==== Data supplied
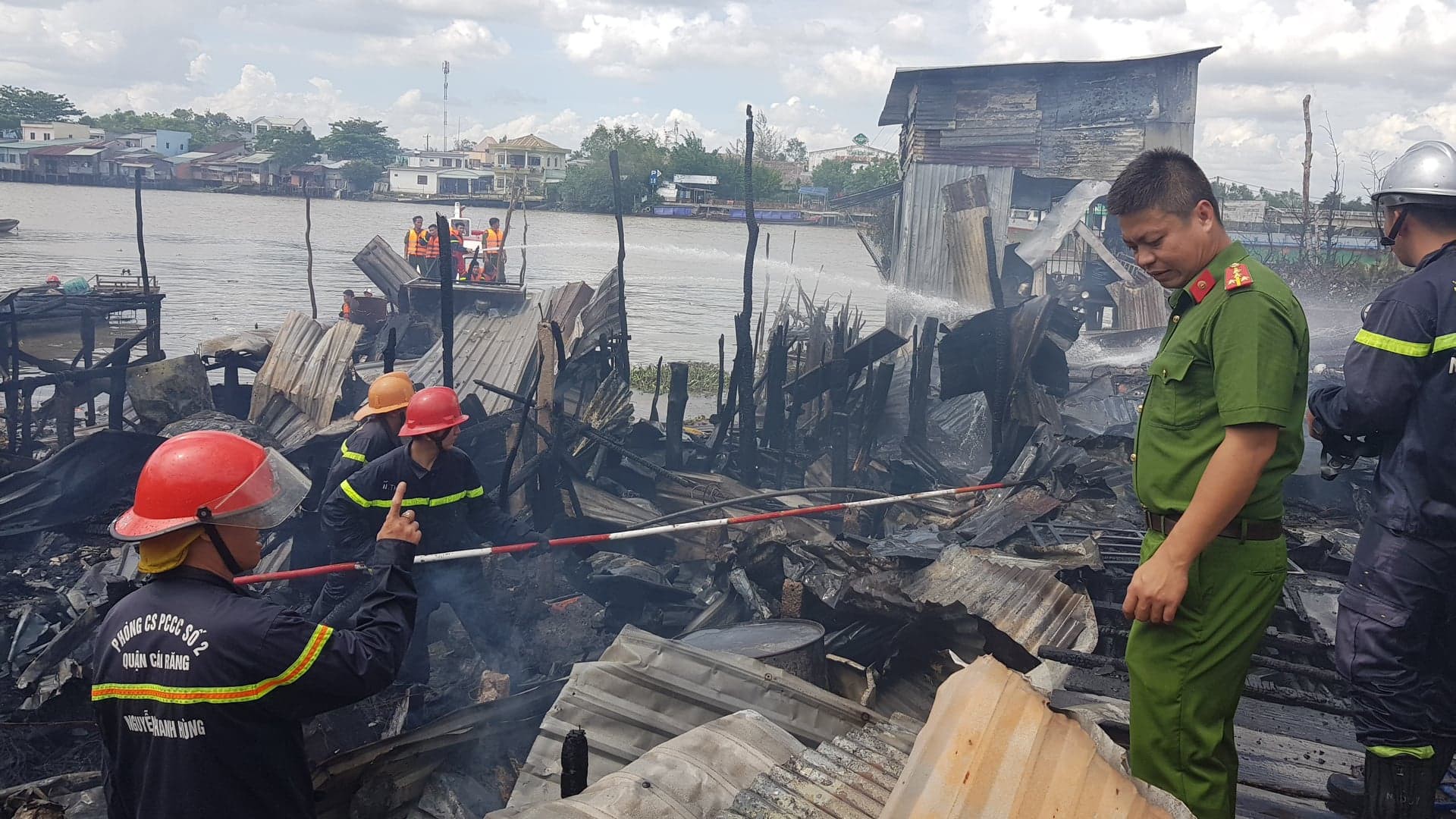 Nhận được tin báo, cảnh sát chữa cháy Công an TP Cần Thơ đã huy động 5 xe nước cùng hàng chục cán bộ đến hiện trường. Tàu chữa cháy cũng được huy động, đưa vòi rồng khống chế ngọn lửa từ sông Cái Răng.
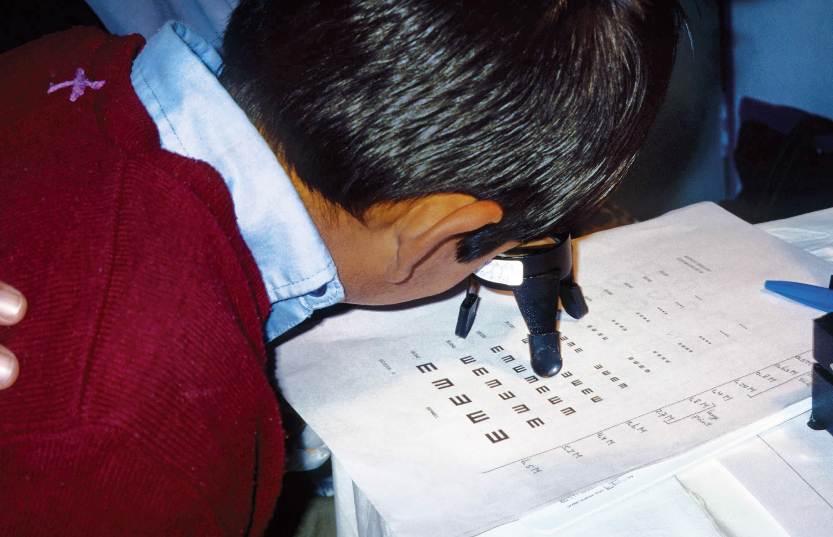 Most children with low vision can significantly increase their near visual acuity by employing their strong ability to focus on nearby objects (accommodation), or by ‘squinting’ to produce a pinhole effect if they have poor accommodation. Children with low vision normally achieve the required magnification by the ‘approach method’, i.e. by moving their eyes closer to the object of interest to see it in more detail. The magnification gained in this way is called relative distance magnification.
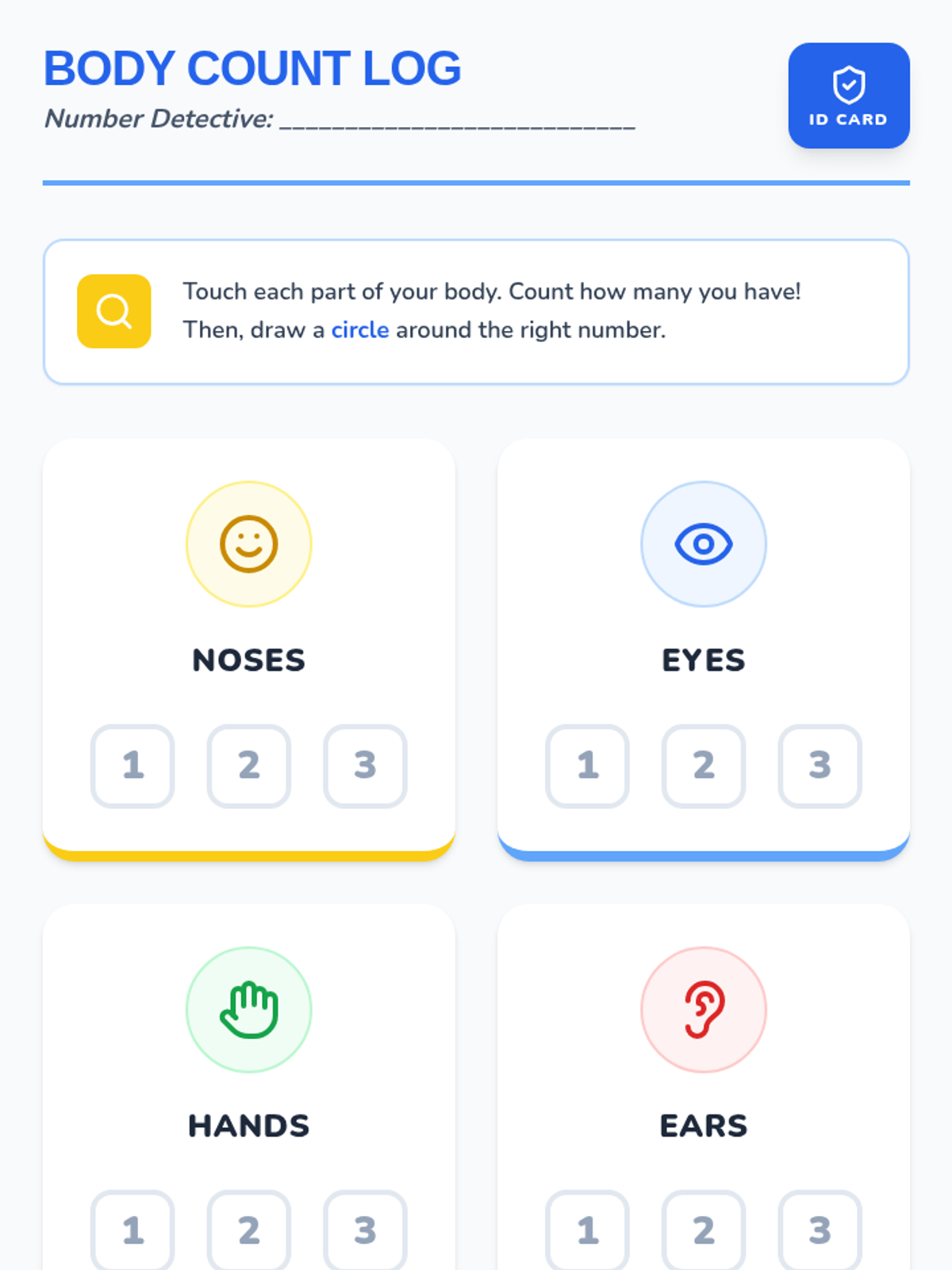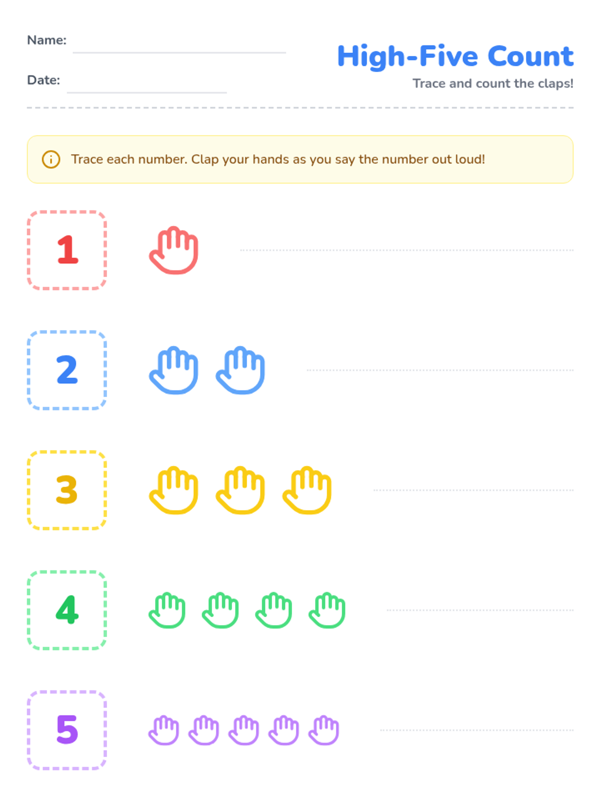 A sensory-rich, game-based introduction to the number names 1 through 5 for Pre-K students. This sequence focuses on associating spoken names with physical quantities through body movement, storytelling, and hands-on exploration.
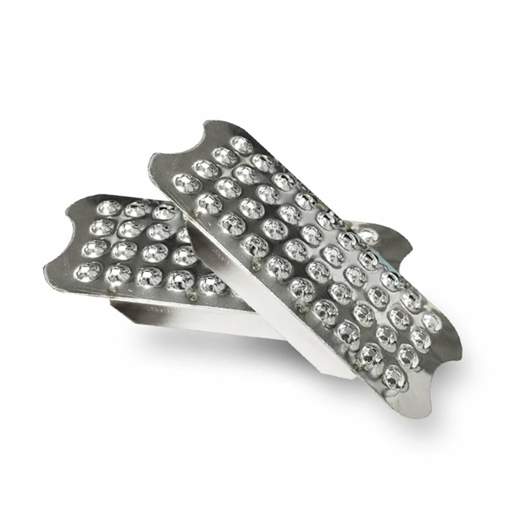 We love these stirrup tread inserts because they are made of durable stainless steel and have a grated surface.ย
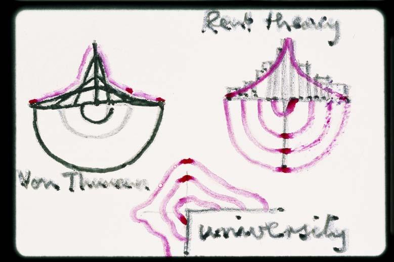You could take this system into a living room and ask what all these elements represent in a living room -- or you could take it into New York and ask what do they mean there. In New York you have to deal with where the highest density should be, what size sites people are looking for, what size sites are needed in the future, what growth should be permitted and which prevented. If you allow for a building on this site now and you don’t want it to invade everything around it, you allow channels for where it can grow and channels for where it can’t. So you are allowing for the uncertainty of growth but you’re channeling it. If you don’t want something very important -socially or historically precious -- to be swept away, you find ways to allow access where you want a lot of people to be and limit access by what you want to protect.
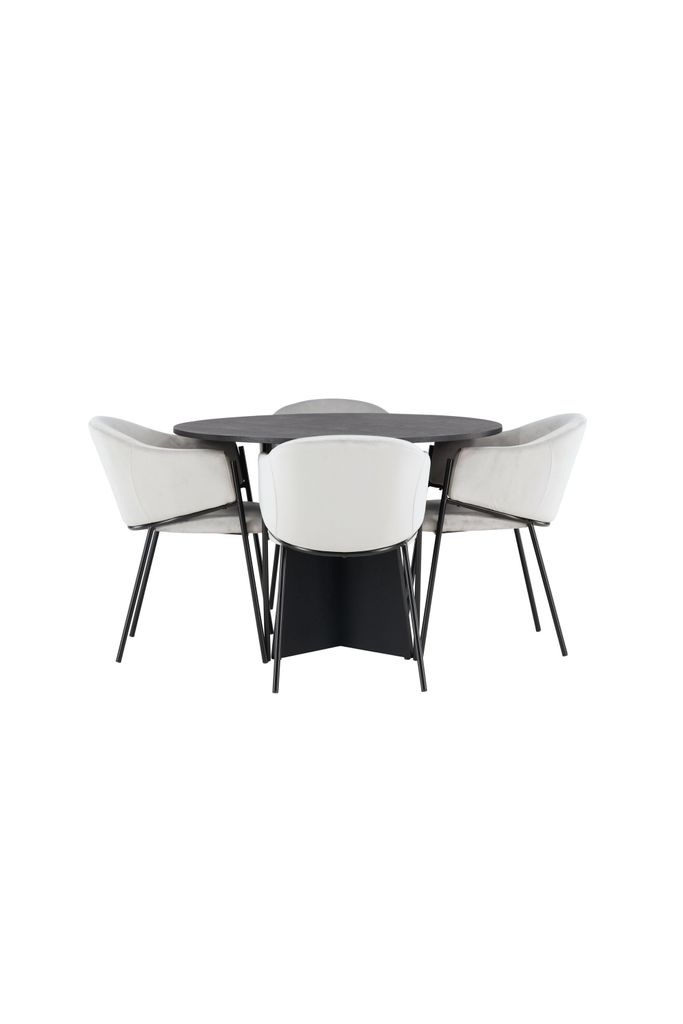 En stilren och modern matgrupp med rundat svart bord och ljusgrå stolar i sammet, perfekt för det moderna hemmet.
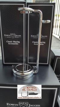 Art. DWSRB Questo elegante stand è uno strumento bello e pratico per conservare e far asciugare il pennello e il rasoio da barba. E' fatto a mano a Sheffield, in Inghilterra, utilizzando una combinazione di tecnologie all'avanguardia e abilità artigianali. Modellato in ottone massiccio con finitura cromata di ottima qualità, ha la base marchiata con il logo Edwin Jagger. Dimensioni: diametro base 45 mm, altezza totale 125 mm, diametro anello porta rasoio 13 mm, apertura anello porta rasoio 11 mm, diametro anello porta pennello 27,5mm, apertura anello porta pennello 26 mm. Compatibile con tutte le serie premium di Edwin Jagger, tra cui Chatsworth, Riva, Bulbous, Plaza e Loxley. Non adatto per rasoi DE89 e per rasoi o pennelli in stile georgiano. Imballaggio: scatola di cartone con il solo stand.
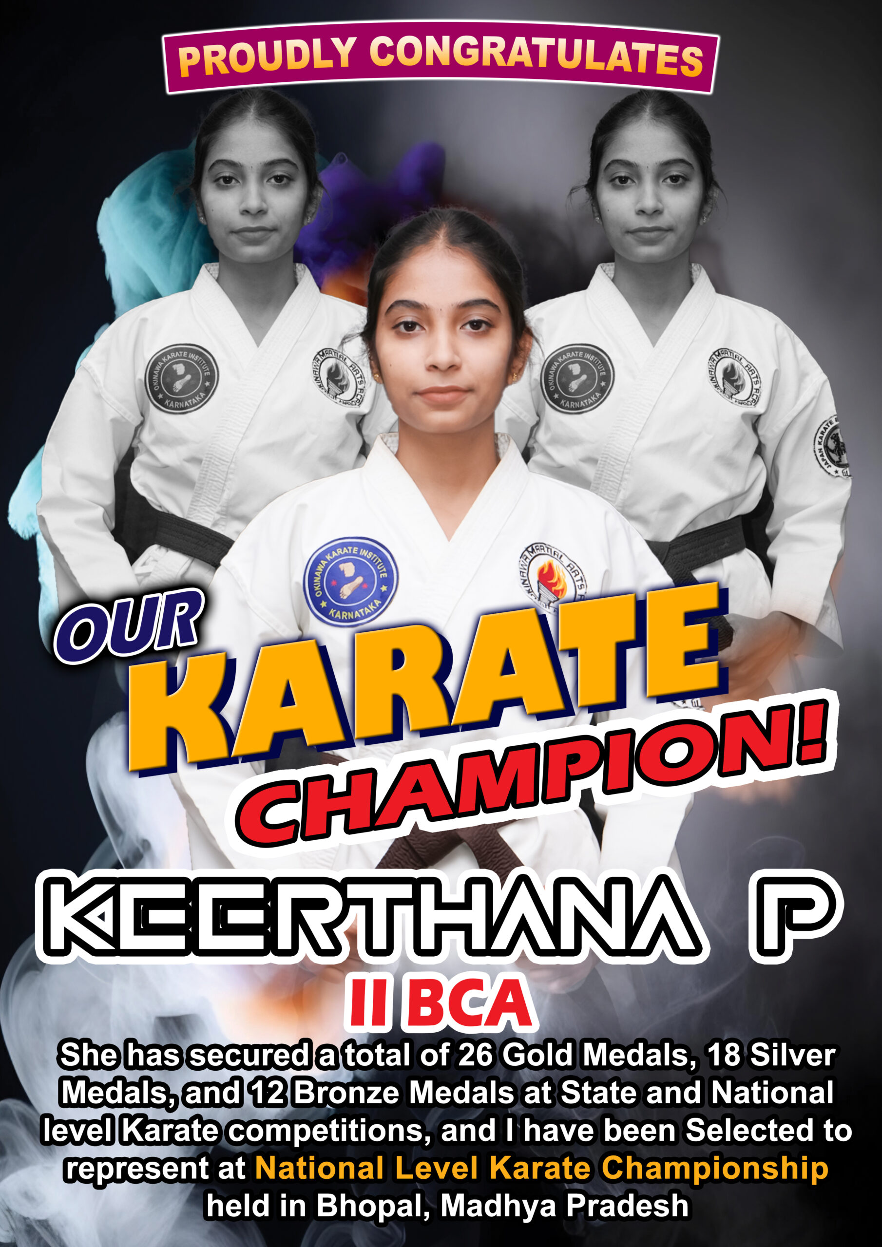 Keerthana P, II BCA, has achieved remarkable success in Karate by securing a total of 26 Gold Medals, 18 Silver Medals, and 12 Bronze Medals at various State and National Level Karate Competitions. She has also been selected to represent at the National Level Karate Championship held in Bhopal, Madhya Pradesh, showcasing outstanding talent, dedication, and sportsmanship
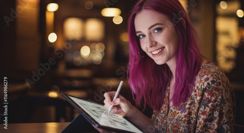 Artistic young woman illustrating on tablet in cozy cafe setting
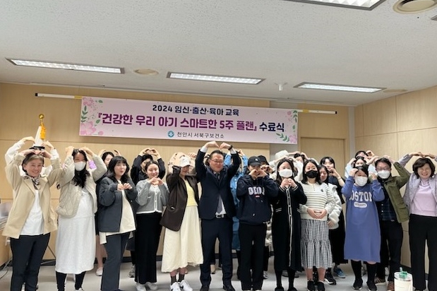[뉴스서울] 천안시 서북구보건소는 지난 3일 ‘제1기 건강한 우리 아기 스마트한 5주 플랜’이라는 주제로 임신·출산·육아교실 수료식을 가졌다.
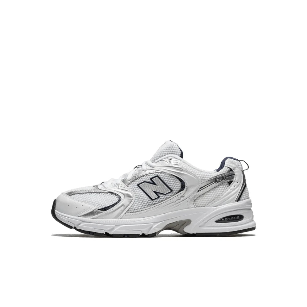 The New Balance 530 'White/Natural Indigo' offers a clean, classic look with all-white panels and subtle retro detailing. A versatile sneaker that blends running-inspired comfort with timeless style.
========
**What is expected**
Where a picture appears in the data, omit it; restate the rest word for word.

**Answer box**
 Nhận được tin báo, cảnh sát chữa cháy Công an TP Cần Thơ đã huy động 5 xe nước cùng hàng chục cán bộ đến hiện trường. Tàu chữa cháy cũng được huy động, đưa vòi rồng khống chế ngọn lửa từ sông Cái Răng.
 Most children with low vision can significantly increase their near visual acuity by employing their strong ability to focus on nearby objects (accommodation), or by ‘squinting’ to produce a pinhole effect if they have poor accommodation. Children with low vision normally achieve the required magnification by the ‘approach method’, i.e. by moving their eyes closer to the object of interest to see it in more detail. The magnification gained in this way is called relative distance magnification.
 A sensory-rich, game-based introduction to the number names 1 through 5 for Pre-K students. This sequence focuses on associating spoken names with physical quantities through body movement, storytelling, and hands-on exploration.
 We love these stirrup tread inserts because they are made of durable stainless steel and have a grated surface.ย
You could take this system into a living room and ask what all these elements represent in a living room -- or you could take it into New York and ask what do they mean there. In New York you have to deal with where the highest density should be, what size sites people are looking for, what size sites are needed in the future, what growth should be permitted and which prevented. If you allow for a building on this site now and you don’t want it to invade everything around it, you allow channels for where it can grow and channels for where it can’t. So you are allowing for the uncertainty of growth but you’re channeling it. If you don’t want something very important -socially or historically precious -- to be swept away, you find ways to allow access where you want a lot of people to be and limit access by what you want to protect.
 En stilren och modern matgrupp med rundat svart bord och ljusgrå stolar i sammet, perfekt för det moderna hemmet.
 Art. DWSRB Questo elegante stand è uno strumento bello e pratico per conservare e far asciugare il pennello e il rasoio da barba. E' fatto a mano a Sheffield, in Inghilterra, utilizzando una combinazione di tecnologie all'avanguardia e abilità artigianali. Modellato in ottone massiccio con finitura cromata di ottima qualità, ha la base marchiata con il logo Edwin Jagger. Dimensioni: diametro base 45 mm, altezza totale 125 mm, diametro anello porta rasoio 13 mm, apertura anello porta rasoio 11 mm, diametro anello porta pennello 27,5mm, apertura anello porta pennello 26 mm. Compatibile con tutte le serie premium di Edwin Jagger, tra cui Chatsworth, Riva, Bulbous, Plaza e Loxley. Non adatto per rasoi DE89 e per rasoi o pennelli in stile georgiano. Imballaggio: scatola di cartone con il solo stand.
 Keerthana P, II BCA, has achieved remarkable success in Karate by securing a total of 26 Gold Medals, 18 Silver Medals, and 12 Bronze Medals at various State and National Level Karate Competitions. She has also been selected to represent at the National Level Karate Championship held in Bhopal, Madhya Pradesh, showcasing outstanding talent, dedication, and sportsmanship
 Artistic young woman illustrating on tablet in cozy cafe setting
[뉴스서울] 천안시 서북구보건소는 지난 3일 ‘제1기 건강한 우리 아기 스마트한 5주 플랜’이라는 주제로 임신·출산·육아교실 수료식을 가졌다.
 The New Balance 530 'White/Natural Indigo' offers a clean, classic look with all-white panels and subtle retro detailing. A versatile sneaker that blends running-inspired comfort with timeless style.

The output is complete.